I will say this for Days of Our Lives, the creativity level of the writers has gone through the roof lately. For a while there, by which I mean the last five years or so, everything you saw was something that had happened before, possibly even to the same characters, only the most recent time around it would take six months longer to tell the story than it had the last time around. Well, those days are apparently behind us. There are actually totally new stories being told! Most are ridiculous, but we don't need to focus on that, do we? We're all about positivity around here.
Then again, I only watch two soaps. So maybe what I think are new and creative arcs are actually age-old stories, well-trod soap terrain that I'm just now getting exposed to.

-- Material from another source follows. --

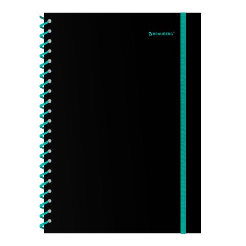 Тетрадь обложка пластик, А4 80 л., спираль пластик, резинка, клетка, BRAUBERG, черный/синий, 405381

Take, for example, the age-old story of a doctor/human-and-feral-cat-hybrid trapped for months in a tunnel beneath an abandoned 1980s nightclub, who hisses, howls, and grunts her way to discovery by some of the town's upstanding citizens, necessitating cartwheeling through a hole in some drywall and instigating a karate fight with two senior citizens that is averted only by the realization that the woman she has just tried to strangle is someone she knows and who suddenly refers to her as her best friend.
I considered retiring from soap viewing after the Lexie scenes this week. You almost had to find new bloggers, because Promising Ingénue came close to overdosing on awesome and I nearly just walked away, content that I had seen soaps get as cheesily great as they can be.
God bless these actors for taking the scenes so seriously. I kind of want to frame this:
Have I mentioned how awesome it is to have Doug and Julie back? And how I am totally astonished that Bill Hayes is 82 years old?
This was all just spectacular soapiness. You knew it was really getting good when Kristian Alfonso busted out The Eyebrow.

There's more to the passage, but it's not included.